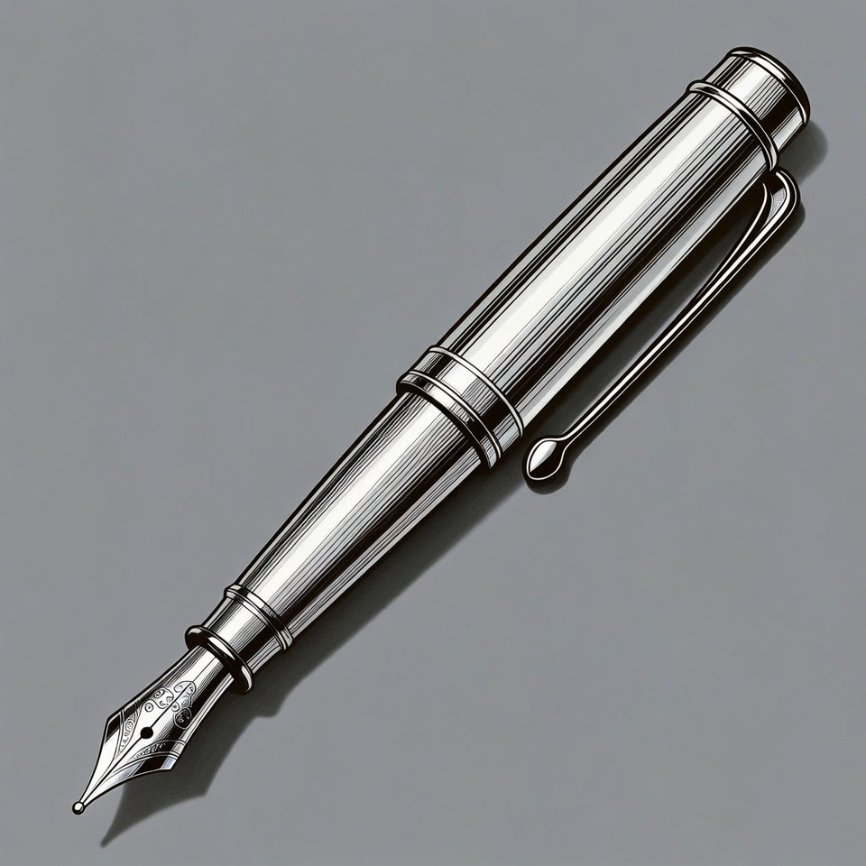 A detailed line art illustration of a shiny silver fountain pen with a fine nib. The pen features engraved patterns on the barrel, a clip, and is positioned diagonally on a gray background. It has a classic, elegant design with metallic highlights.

★ ★ ★ ★ ★

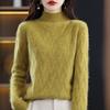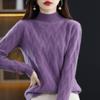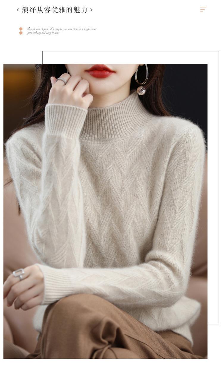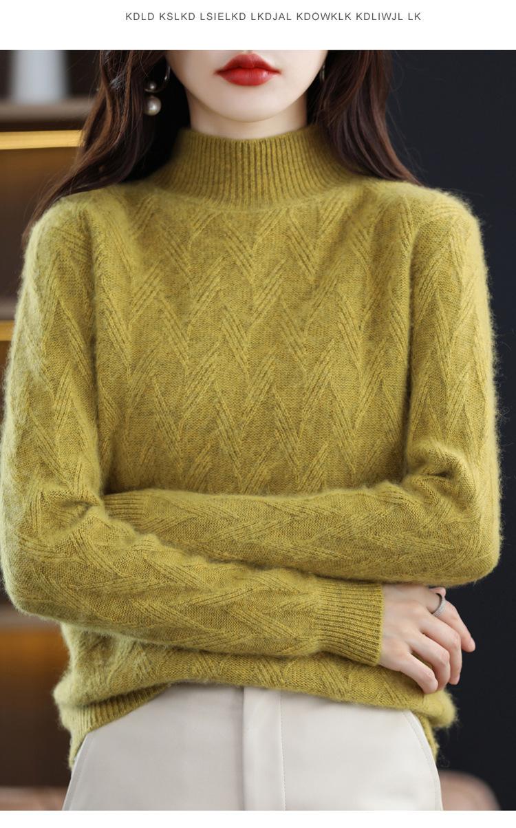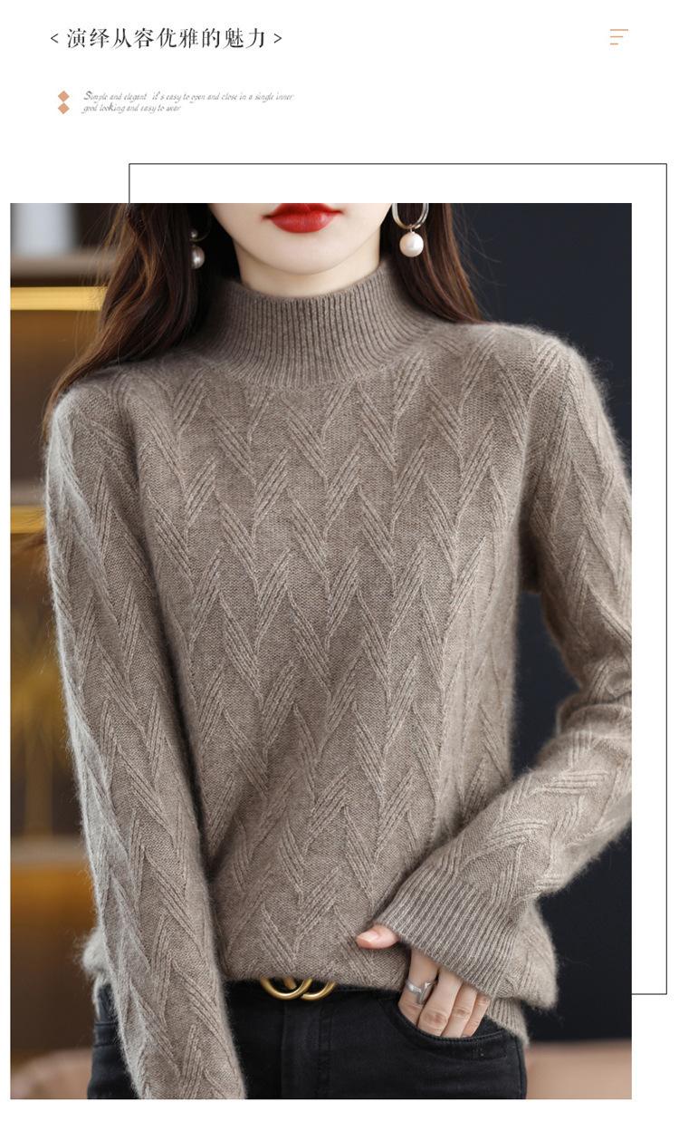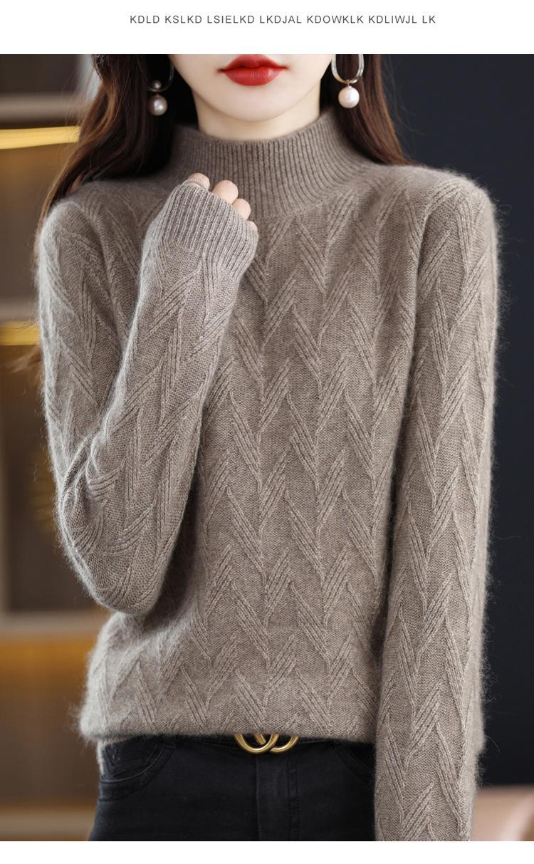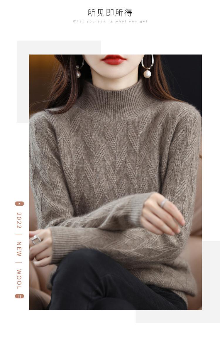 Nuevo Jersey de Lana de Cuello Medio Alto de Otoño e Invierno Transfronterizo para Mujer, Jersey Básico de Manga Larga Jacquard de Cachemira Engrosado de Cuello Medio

★ ★ ★ ★ ★

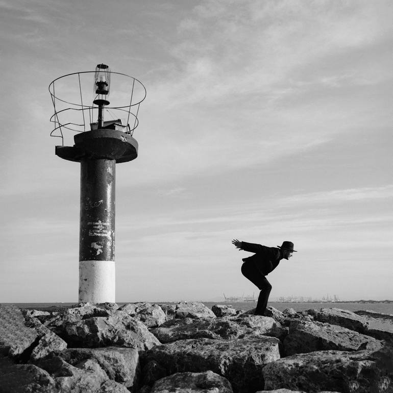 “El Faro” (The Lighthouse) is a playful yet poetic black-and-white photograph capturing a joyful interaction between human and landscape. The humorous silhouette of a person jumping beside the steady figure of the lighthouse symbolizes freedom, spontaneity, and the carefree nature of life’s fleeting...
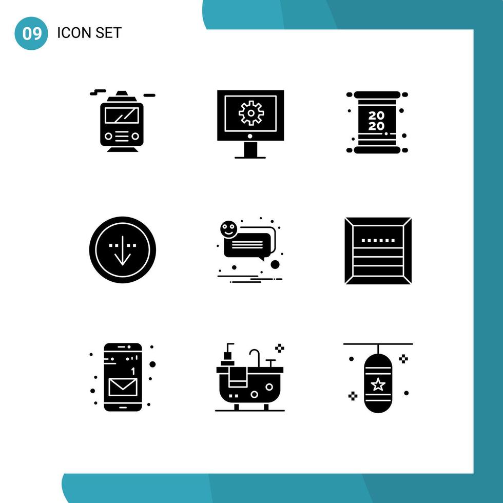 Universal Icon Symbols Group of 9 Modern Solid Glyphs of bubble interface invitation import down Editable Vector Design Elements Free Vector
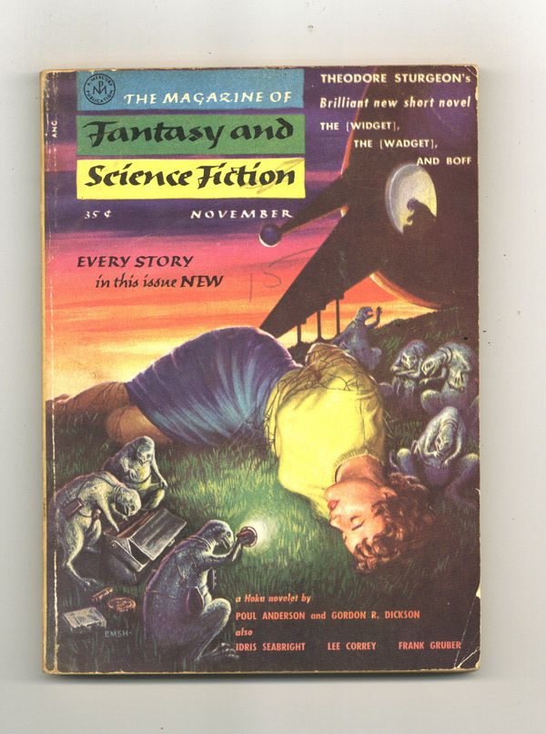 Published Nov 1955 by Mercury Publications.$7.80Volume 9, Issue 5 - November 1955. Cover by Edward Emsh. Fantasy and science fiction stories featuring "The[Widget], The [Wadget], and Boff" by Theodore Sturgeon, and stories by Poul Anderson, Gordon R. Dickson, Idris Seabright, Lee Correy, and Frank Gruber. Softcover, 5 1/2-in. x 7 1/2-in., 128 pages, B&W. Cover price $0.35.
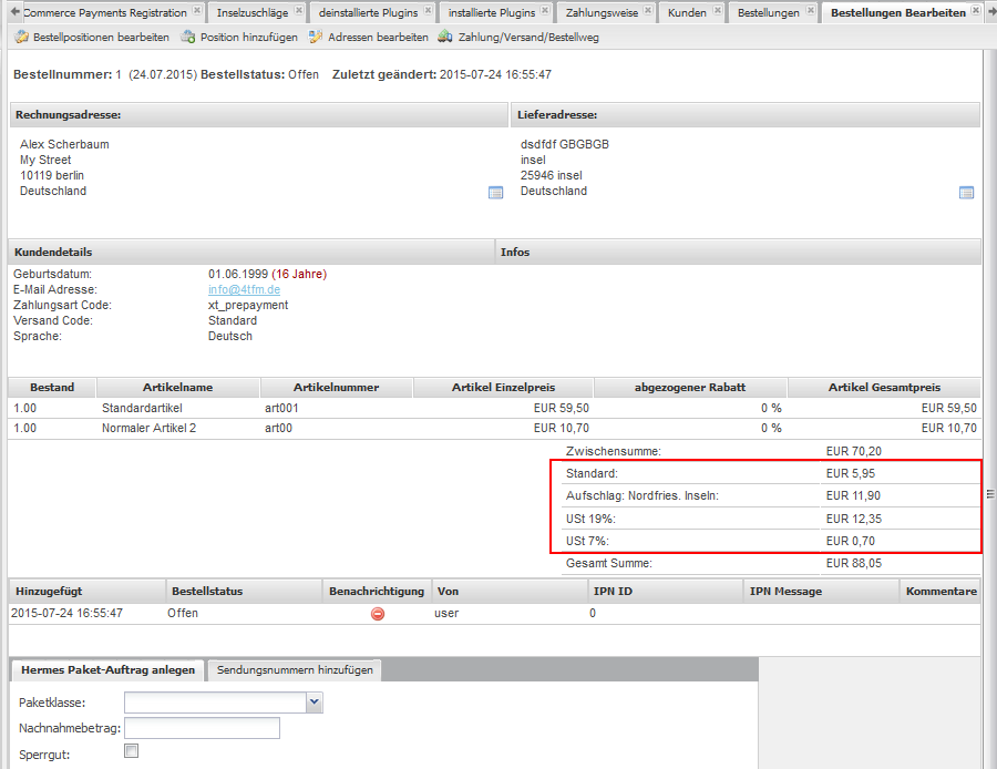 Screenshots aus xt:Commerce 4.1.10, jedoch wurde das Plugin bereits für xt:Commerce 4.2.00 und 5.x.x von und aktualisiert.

★ ★ ★ ★ ★

◆ What you should do ◆
Copy everything above from the line holding "Universal Icon Symbols" down to the line holding "Screenshots aus xt:Commerce", both ends included, exactly as it stands and without the pictures.

◆ Exercise output ◆
 Universal Icon Symbols Group of 9 Modern Solid Glyphs of bubble interface invitation import down Editable Vector Design Elements Free Vector
 Published Nov 1955 by Mercury Publications.$7.80Volume 9, Issue 5 - November 1955. Cover by Edward Emsh. Fantasy and science fiction stories featuring "The[Widget], The [Wadget], and Boff" by Theodore Sturgeon, and stories by Poul Anderson, Gordon R. Dickson, Idris Seabright, Lee Correy, and Frank Gruber. Softcover, 5 1/2-in. x 7 1/2-in., 128 pages, B&W. Cover price $0.35.
 Screenshots aus xt:Commerce 4.1.10, jedoch wurde das Plugin bereits für xt:Commerce 4.2.00 und 5.x.x von und aktualisiert.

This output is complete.